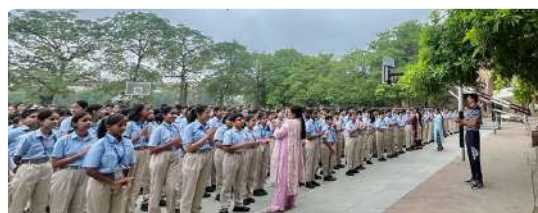
Leading the charge against tobacco: DPSG MRD students in action.
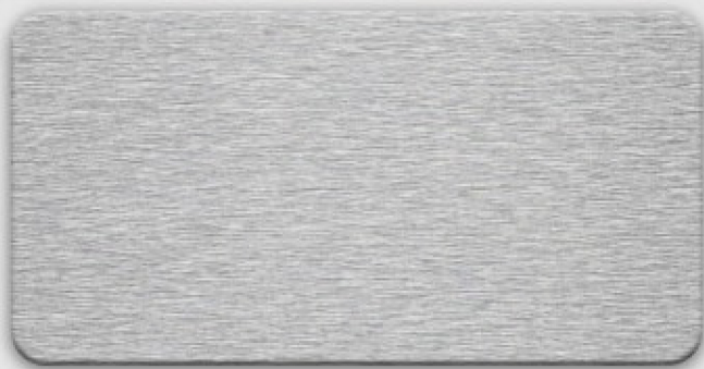
Natural BR Brushed
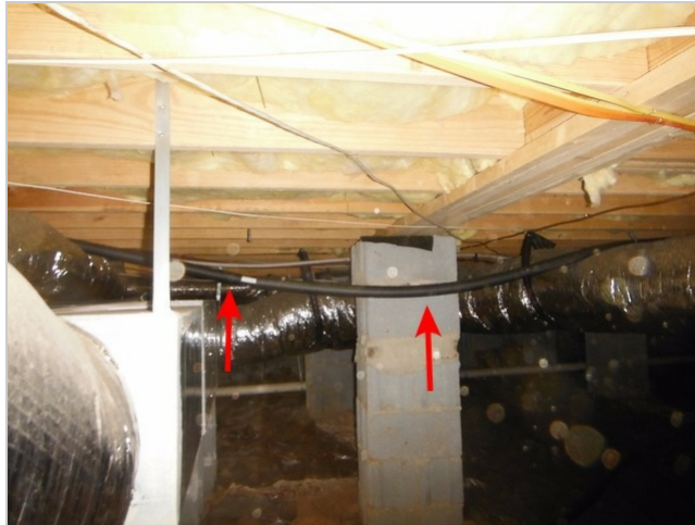
Water line not fully supported

Water lines in areas at but not limited to the center of the crawlspace are not fully supported. This is a movement/damage concern. Recommend repairs by qualified person.
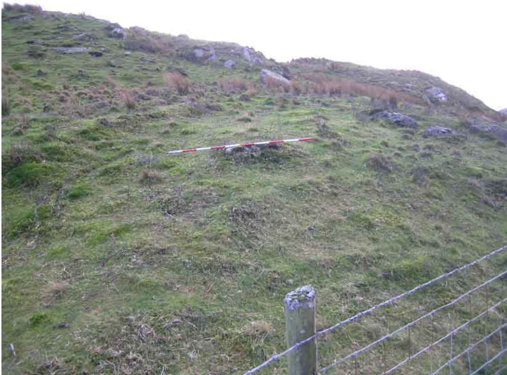
Plate 93 Site 26c Pre-turnpike road
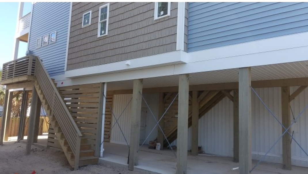
LEFT SIDE VIEW 3/07/2019
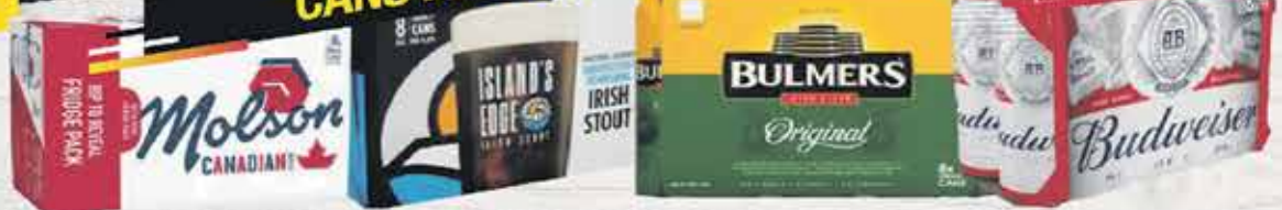
CANADIAN €12.75 / ISLAND'S EDGE €14.65 / BULMERS / BULMERS LIGHT €14.95 / BUDWEISER €14.95 See instore for details
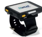
WD1 Watch Nwear
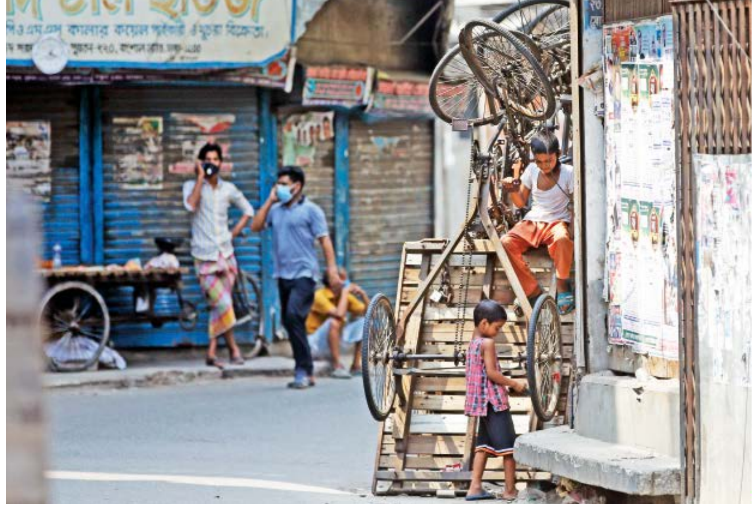
As lockdown continues across the country, even busy Bongshal gets to witness some lazy afternoons. Two children play with rickshaw vans left by the street, while people in protective masks busily pass through. These narrow alleyways were once jam-packed and action-filled at all hours, but it's almost as if the clock has stopped now.
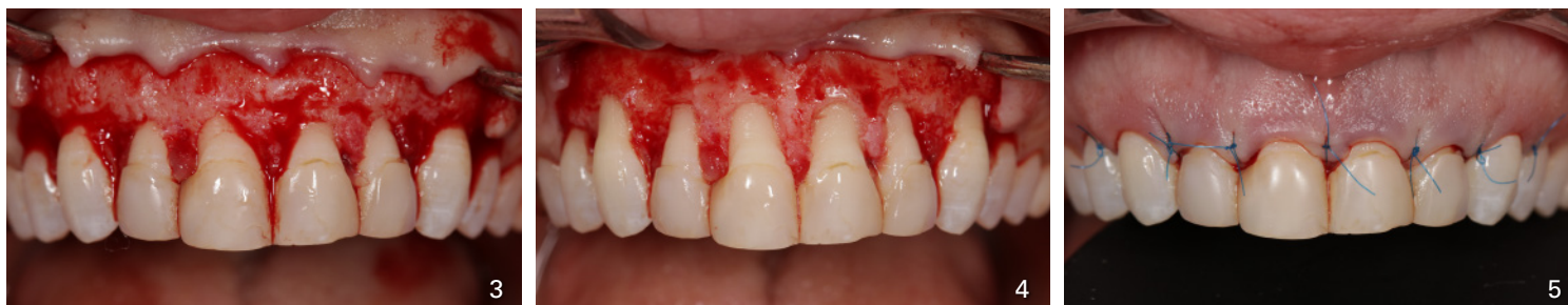
Fig. 3. After gingival flap, buccal bone was noted in close proximity to the CEJs. Discrepancies between the margins of the existing restorations and anatomical CEJs were noted. Fig 4. Osteoplasty and ostectomy were performed to keep buccal bone at least 3 mm away from the anatomical CEJs which will be the margins of future final restorations. Thick buccal bone was also reduced. Fig 5. Flap was closed with sutures in a simple interrupted fashion. No gingival reduction was done at this stage of the surgery.
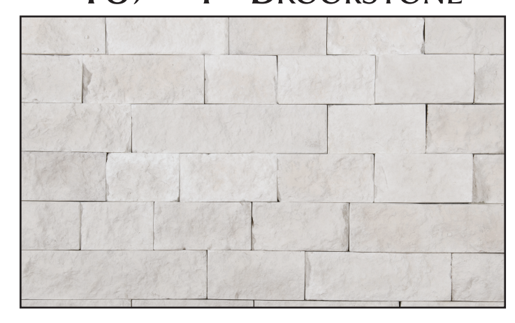
#189- Brookstone Blend
· · · · ·
* _Directions for this task_:
Search the material above for the word "supported", then copy out each line that has it.

* _Solved problem_:
Water line not fully supported
Water lines in areas at but not limited to the center of the crawlspace are not fully supported. This is a movement/damage concern. Recommend repairs by qualified person.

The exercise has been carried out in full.